It’s hard to find a naysayer regarding Wal-Mart’s (WMT) stock these days. Even Jim Cramer launched WMT as a top pick last week. Following Wal-Mart’s annual shareholder meeting last Friday, Credit Suisse and Lehman Brothers continued the lovefest:
…Friday’s message at the annual meeting was clear. Wal-Mart is now on the offensive and has a clear sense of what it wants to accomplish going forward as it tries its best to stay ahead of events.
Disciplined approach is starting to pay off. Wal-Mart’s message on Friday mirrors the sentiments of last fall’s meeting. After being first revealed eight months ago, Wal-Mart’s capital and operating disciplines are now in place and are starting to show tangible results.
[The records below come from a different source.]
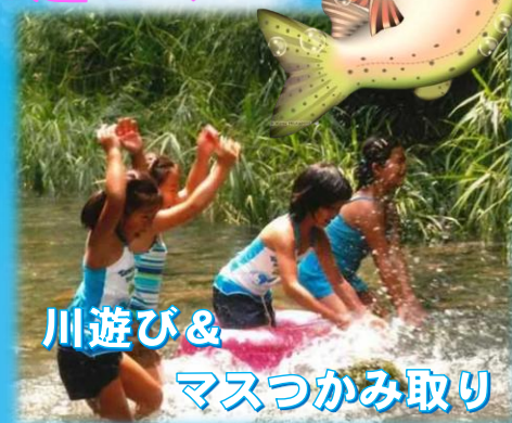
川遊び & マスつかみ取り
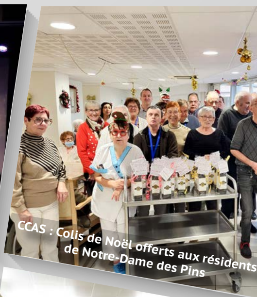
CCAS : Colis de Noël offerts aux résidents de Notre-Dame des Pins
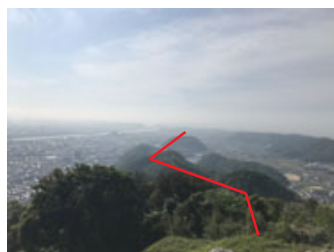
秀吉軍に対して鳥取城への補給路を守った丸山から鳥取城までの尾根上の山城跡(赤線部分)

教科書の「3人の武将と天下統一」は、織田軍(羽柴秀吉)の因幡攻めを受けた当県には大きく関わりのある単元です。県内には504城もの中近世のお城があり、その中には織田軍との戦いに関係した山城も多くあり、その山城は以外に身近にあります。教科書の単元にも結びつく地元のお城を教材とした授業づくりをします。
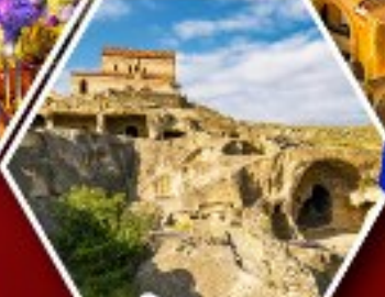
เมืองดำอพิลิสตีเคห์

แพ็คเกจ Rooms Hotel โรงแรมวิวทิวทัศน์ของเทือกเขาคอเคซัส
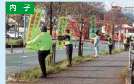
人の輪作戦 4/12 内子交番前
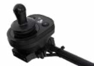
2231 / 2232

These include an improved inventory position, a more thoughtful store capital spending strategy, and a coherent/relevant marketing program that compliments a merchandising strategy that is more similar to the times of the company’s current customer base.
We believe that WMT’s clear pricing message and strong value proposition are helping the company gain share of wallet with existing customers and attract new customers to the store. In addition, better merchandising and improved presentation, especially in home and apparel, should drive comparable store sales going forward.
Credit Suisse maintains OUTPERFORM, target $60. Lehman Brothers maintains BUY, target $67.